Мы шли по щербатой улице. То там, то тут стояли брошенные, разваливающиеся дома, попадались и вовсе одни фундаменты, и только запущенный, одичалый сад с багряным ковром да заросший коричнево-бурым чертополохом огород напоминали, что тут когда-то жили люди. Каменное здание школы разобрали, валялись на этом месте горки позеленелой известки да уцелело крыльцо, сложенное еще до войны из светло-красного кирпича; оно было усеяно свежей подсолнечной шелухой. Клуб, похожий на ригу, был заколочен, изгородь вокруг него подрыла свинья. Пройдя по улице, вышли мы к конюшне с просевшей, похожей на седло, крышей; рядом с конюшней когда-то стояла кузня - отец в ней работал, - сейчас об этом напоминал лишь холмик ржавой земли.
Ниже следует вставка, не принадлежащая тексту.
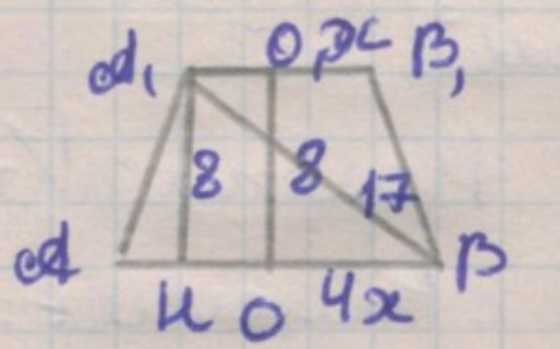 Дано: \(R=4r\), \(h=8\), диагональ осевого сечения \(d=17\). По теореме Пифагора для прямоугольного треугольника осевого сечения: \(d^2=h^2+(R-r)^2\). Тогда \(17^2=8^2+(4r-r)^2\Rightarrow 289=64+9r^2\Rightarrow r^2=25\Rightarrow r=5,\ R=20\).

Но пахло здесь по-прежнему: аммиаком, железом и овсяной соломой. Однако лошадей на варке, огороженном слегами, истертыми до блеска, изгрызенными, было мало, да и те какие-то невзрачные, облезлые, худые - "нестроевые", как сказал бы отец. А раньше, еще на моей памяти, кроме обычных коняг, были у нас и "орловцы", и "донцы", и "метизованные". Неужто эти клячи со всеми признаками вырождения - потомки тех коней?!

Возле конюшни встретили женщину, шедшую на свиноферму, откуда слышался визг свиней, шум дробилки, откуда пахло молочными поросятами и пареной пшеницей. Женщина скользнула взглядом по мне и не угадала.

- Здравствуйте, теть Шур!

Женщина подняла лицо - родинка на коричневой щеке почти не заметна, - и светлые глаза ее загорелись узнаванием.
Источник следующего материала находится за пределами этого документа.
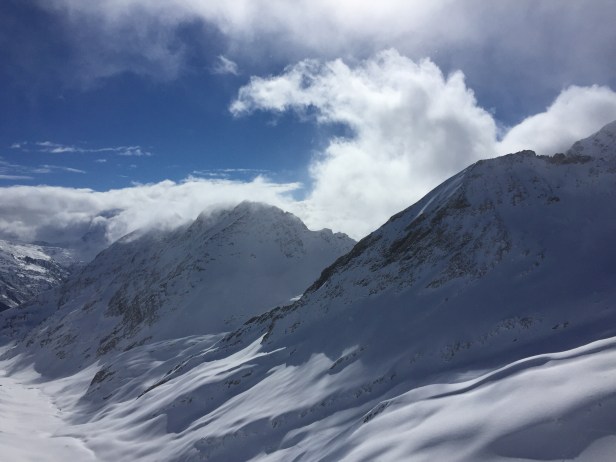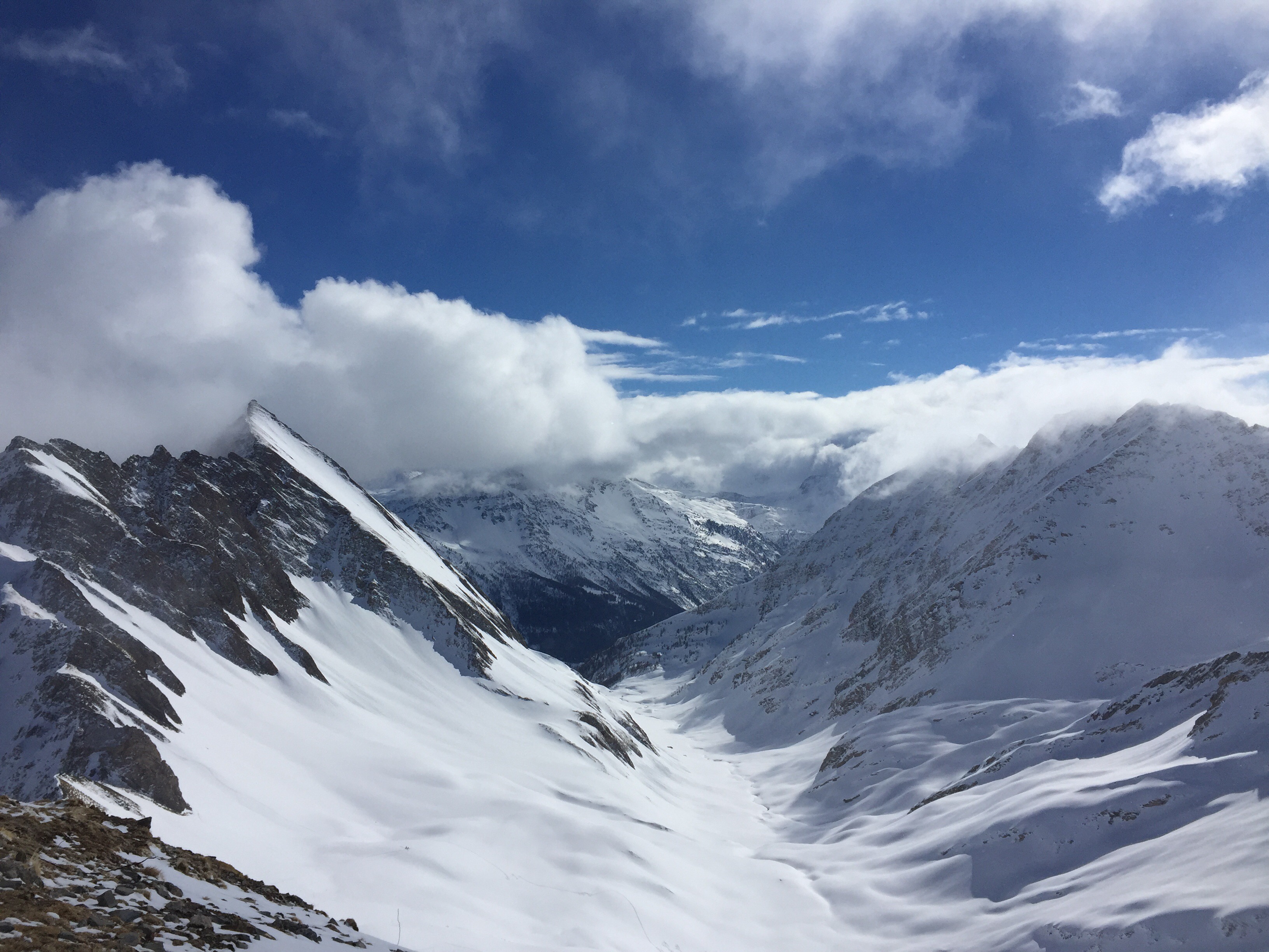 後山下去的話絕對是粉雪,可以說是致命的吸引力。遠遠望去還可以看到兩三個小如螞蟻徒步上山的高山滑遊 (alpine touring) 雪客。前山就是下面照片左邊岩石懸崖峭壁的左下方,看起來情況不單純。站在山頂是看不到如何滑下去還是走下去的。由於這回沒有請滑雪嚮導, 所以就問了纜車管理員怎麼下去然後怎麼回到前山,他用那義大利腔的英文一副不屑的回 “You need to know your way down”(你得自己知道路下去), 顯然不想負責。加上也沒看到雪道路牌指示如何從後山滑到前山, 我倆商量了一下,鑑於也老大不小,就算沒出事,萬一滑錯路,懶人野雪變成了純野雪,在這三不管地帶,枉走幾公里的上坡軟粉雪也不是開玩笑。所以就看了風景,拍了照,然後乖乖地搭纜車下去回前山吧。。。。🐓🐓

- Приехал, значит… Давно уж тебя… Давно. Ты же… Ты же Терентьев?.. - вырвалось у нее, и лицо засияло, а на родинке появилась еле заметная ямка. - Вишь, голова еще не совсем дырявая - вспомнила тебя… А ведь уехал ты совсем мальцом. А это сынок твой, стало быть? Похож, похож.

Она умолкла на какое-то время, потом произнесла в задумчивости:

- Стало быть, в гости приехали… А к кому?

- К деду Андрею.

- К какому Андрею? A-а… Это к тому, что?.. - не договорив, опустила голову. - Ну, своди… Покажи… Это хорошо.

И ушла, хлопая голенищами резиновых сапог.

* * *

Поодаль, за изгородью конюшни, черно-синий клювастый грач сосредоточенно ковырялся в навозе. Отец выстрелил - Ванюшку ударило по ушам, запахло кислым дымом, - грач, подскочив, ткнулся в снег, раскинув крылья, разинув большой клюв, из которого закапала алая, яркая на снегу, кровь. Ванюшка кинулся, схватил грача - он был теплый, но голова уже безжизненно болталась. И восторг, и жалость, и непонятный страх, и любопытство - все одновременно почувствовал Ванюшка, держа в руках грача.

- Пап, а ему сейчас не больно? Глянь - кровь…

- Нет, сынок, он теперь ничего не чует… - сказал отец, погладил Ванюшку по спине, и вдруг наклонился и поцеловал сухими, воспаленными губами. - Ну, беги…

- А ты еще стрелять не будешь?

- Нет, не буду… Я мерина распрягу.

Ванюшка бежал через Палыванчев огород, по меже, - восторг победил в нем все другие чувства, хотелось поскорее показать добычу Кольке-Копытку. Он уже представлял Колькины расширенные глаза, прикидывал, станет ли Колька меняться на взаправдашний солдатский котелок, - и вдруг что-то остановило. Ванюшка обернулся: отец выламывал зачем-то палку из плетня, потом, ссутулившись, зашел в конюшню… Ванюшка обернулся, увидел все это, и вновь побежал, и через минуту уже торговался с Колькой, и не слышал выстрела, не видел, как на измазанной навозом попоне выносили из конюшни отца.